> [Dataset section]:
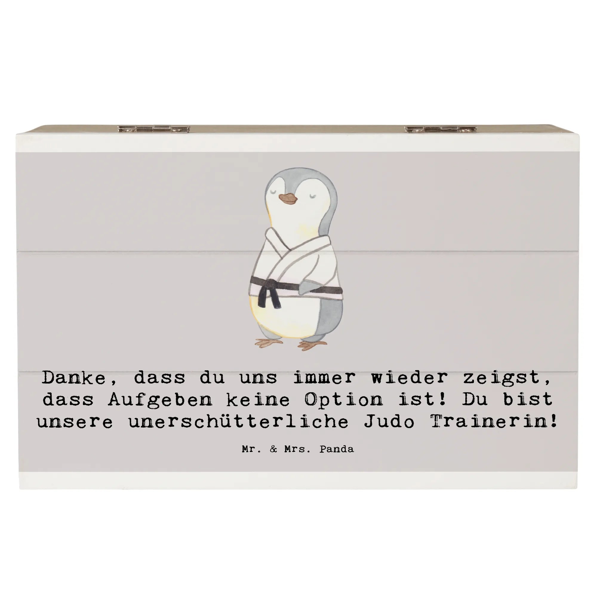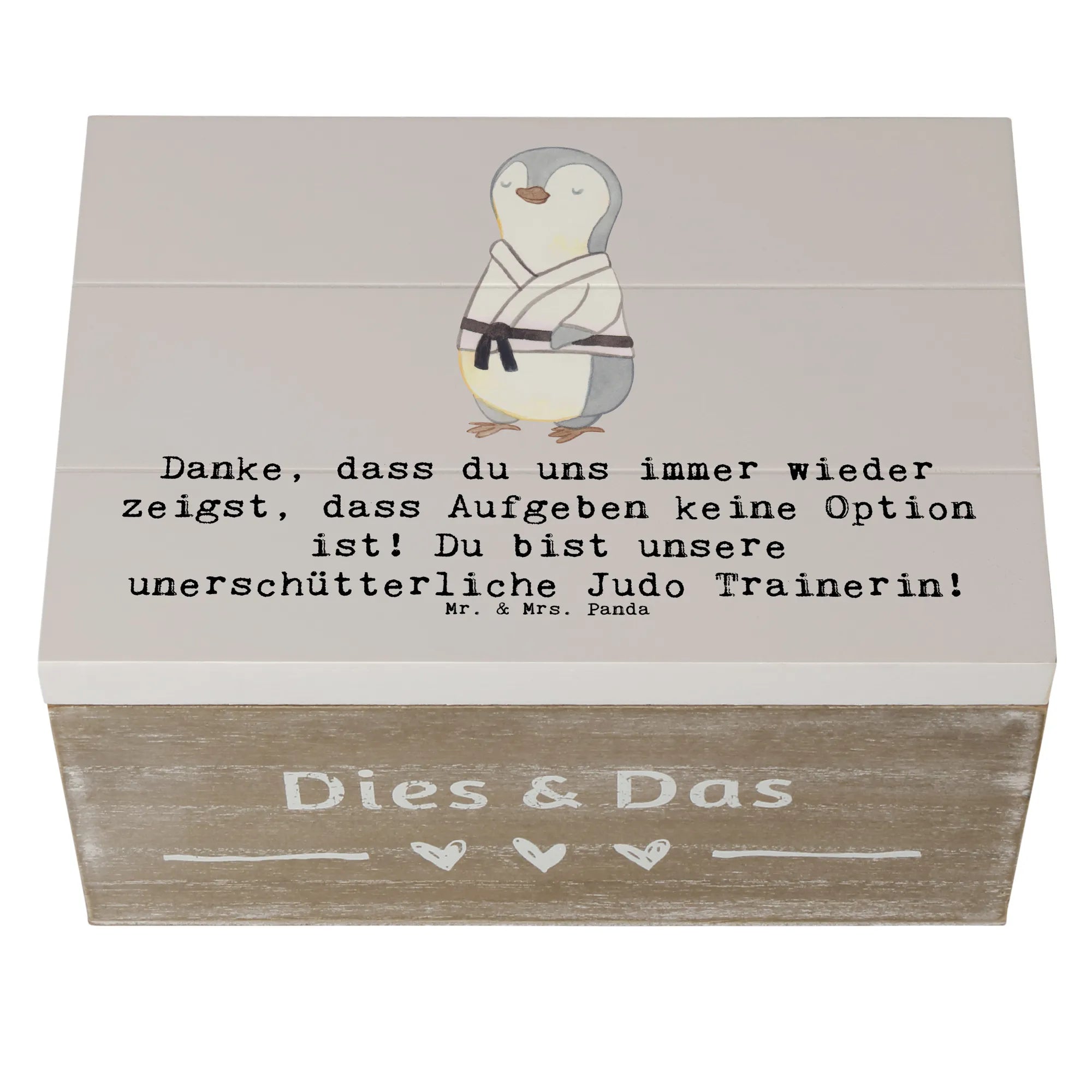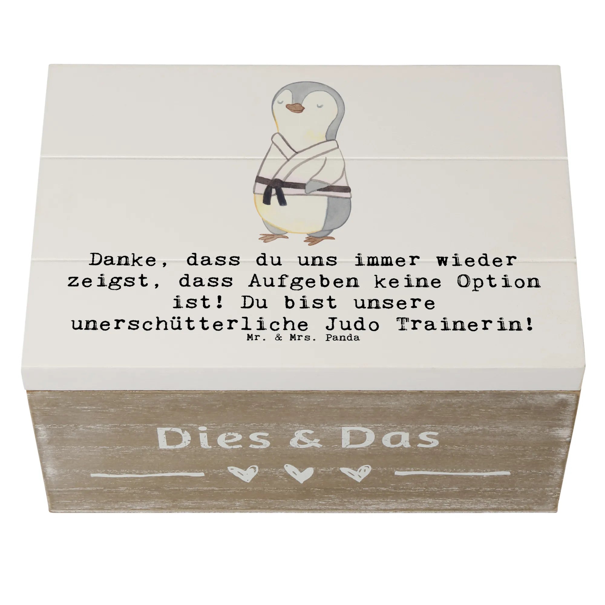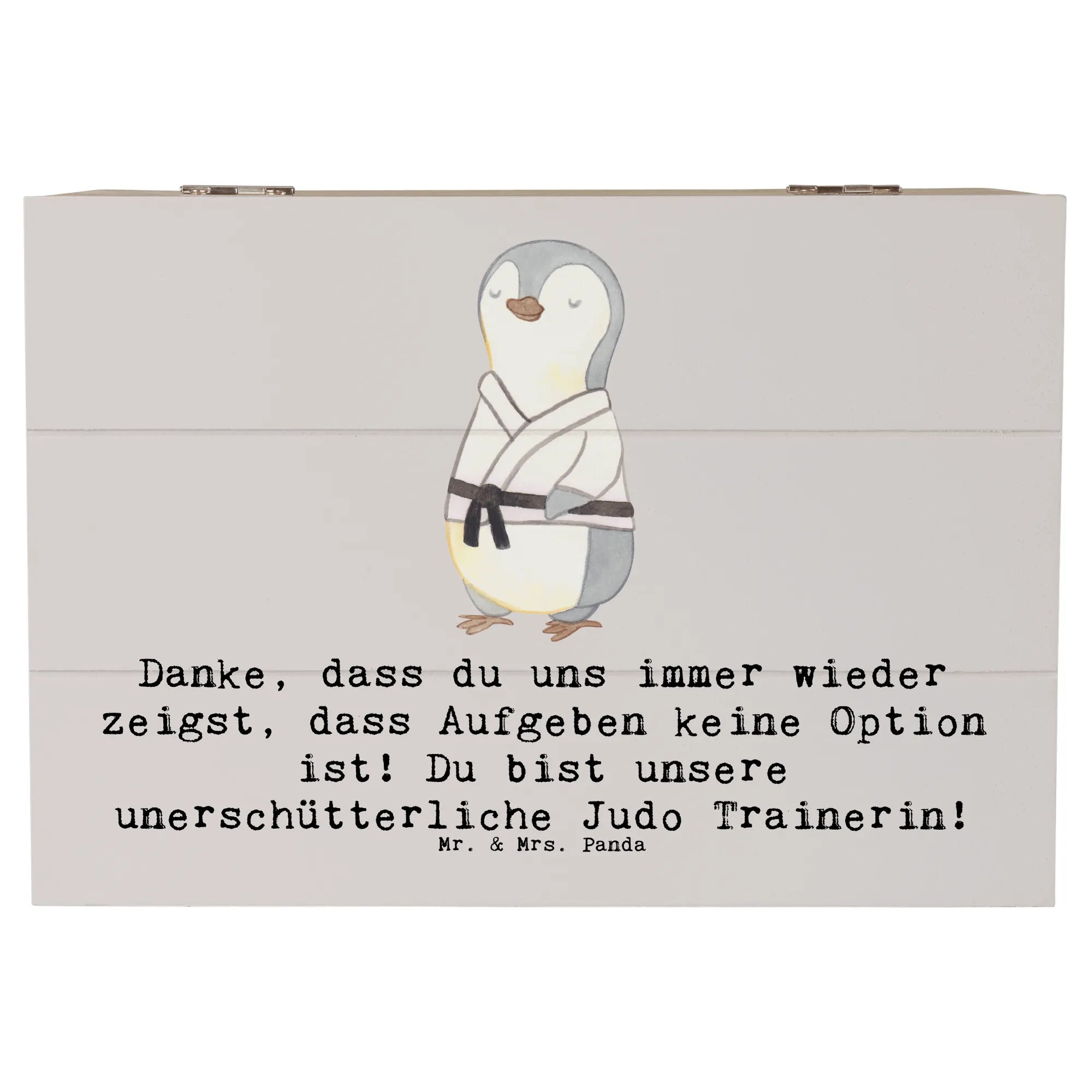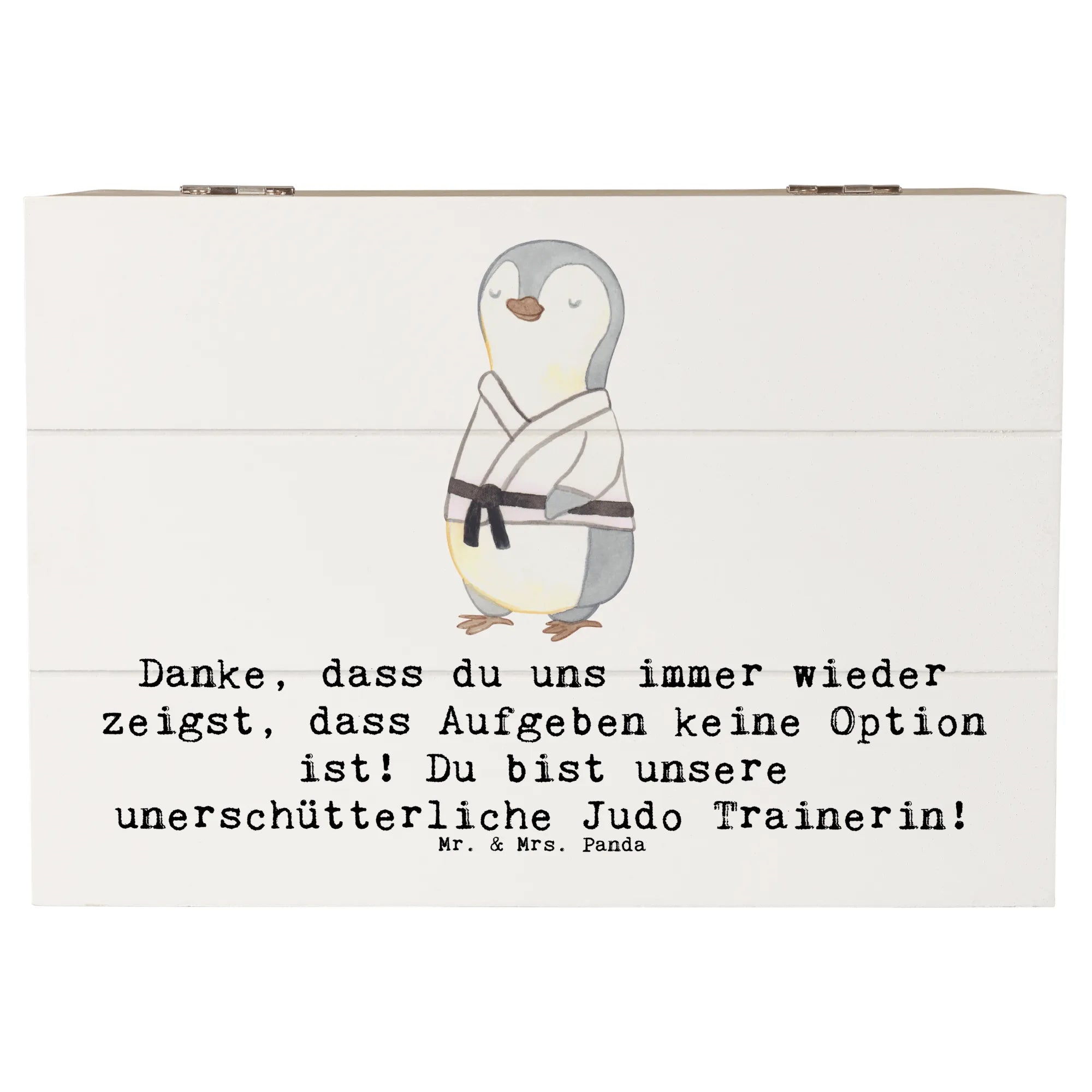 Ein Geschenk, das von Herzen kommt: Die Holzkiste „Judo Trainerin“ von Mr. & Mrs. Panda ist die perfekte Kombination aus Herzlichkeit, Funktionalität und Stil. Bedruckt mit dem liebevollen Spruch „Danke, dass du uns immer wieder zeigst, dass Aufgeben keine Option ist! Du bist unsere unerschütterliche Judo Trainerin!“ bringt diese Aufbewahrungsbox Holz genau das zum Ausdruck, was viele Trainerinnen am meisten schätzen: echte Anerkennung.
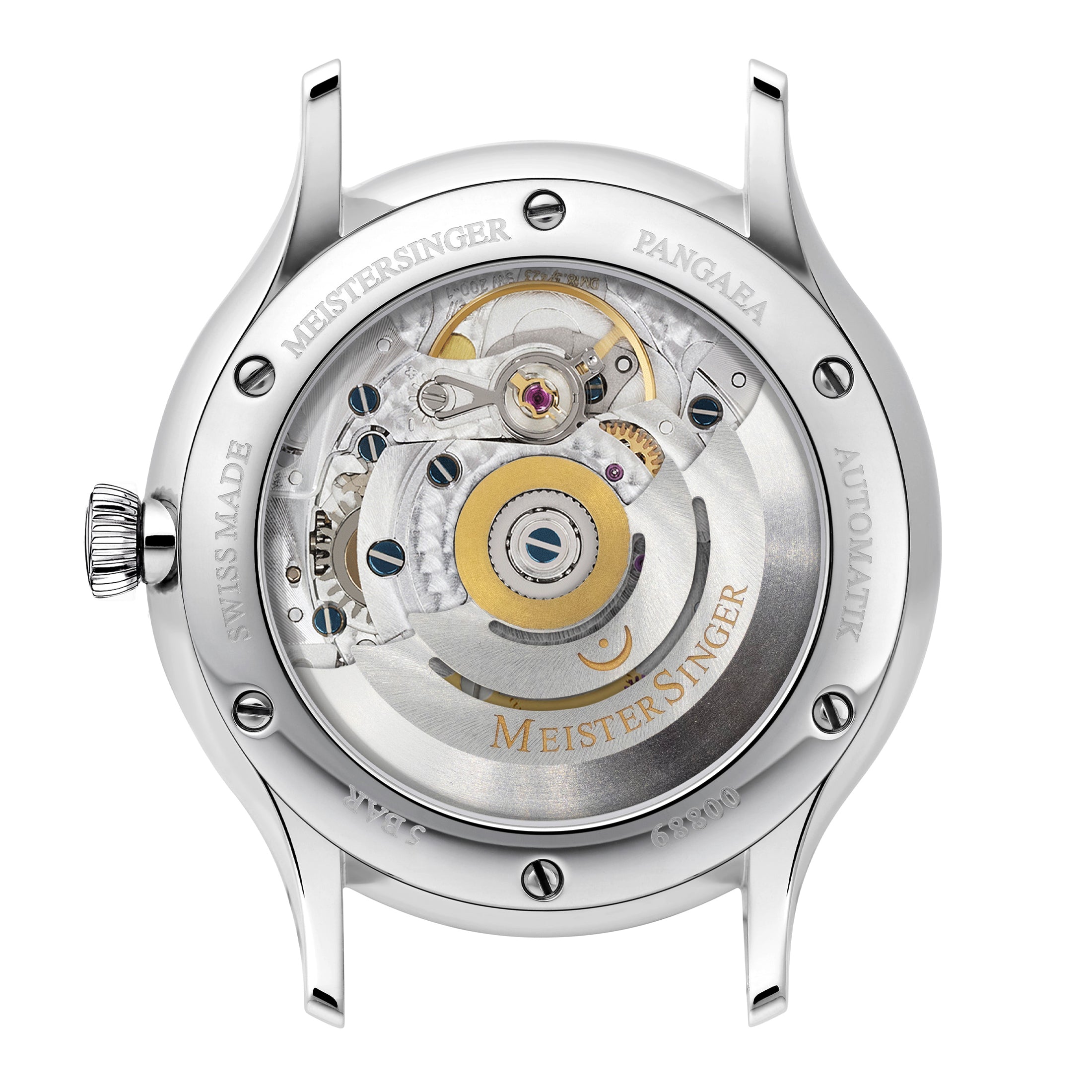 Apart from its slim 40-mm case, the finely curved serif typeface contributes towards its visual lightness. The watch is powered by a Swiss automatic movement. The glass back of the Pangaea provides a clear view of how the rotor, which is engraved with a golden MeisterSinger logo, supplies the movement with power. The exhibition back is fastened with six screws and the stainless steel case of the Pangaea is water-resistant up to 5 bar.
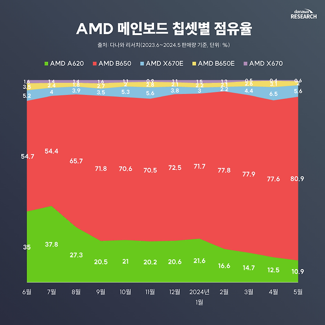 덕분에 지금은 B650 천하라고 해도 과언이 아니다. 보급형인 A620 메인보드의 수요까지 흡수하면서 2024년 5월 기준, AMD 메인보드 칩셋 중에서 80.9%의 점유율을 기록했다.

> [Task brief]:
For the data above, return an exact copy that contains no pictures.

> [Solution below]:
 Ein Geschenk, das von Herzen kommt: Die Holzkiste „Judo Trainerin“ von Mr. & Mrs. Panda ist die perfekte Kombination aus Herzlichkeit, Funktionalität und Stil. Bedruckt mit dem liebevollen Spruch „Danke, dass du uns immer wieder zeigst, dass Aufgeben keine Option ist! Du bist unsere unerschütterliche Judo Trainerin!“ bringt diese Aufbewahrungsbox Holz genau das zum Ausdruck, was viele Trainerinnen am meisten schätzen: echte Anerkennung.
 Apart from its slim 40-mm case, the finely curved serif typeface contributes towards its visual lightness. The watch is powered by a Swiss automatic movement. The glass back of the Pangaea provides a clear view of how the rotor, which is engraved with a golden MeisterSinger logo, supplies the movement with power. The exhibition back is fastened with six screws and the stainless steel case of the Pangaea is water-resistant up to 5 bar.
 덕분에 지금은 B650 천하라고 해도 과언이 아니다. 보급형인 A620 메인보드의 수요까지 흡수하면서 2024년 5월 기준, AMD 메인보드 칩셋 중에서 80.9%의 점유율을 기록했다.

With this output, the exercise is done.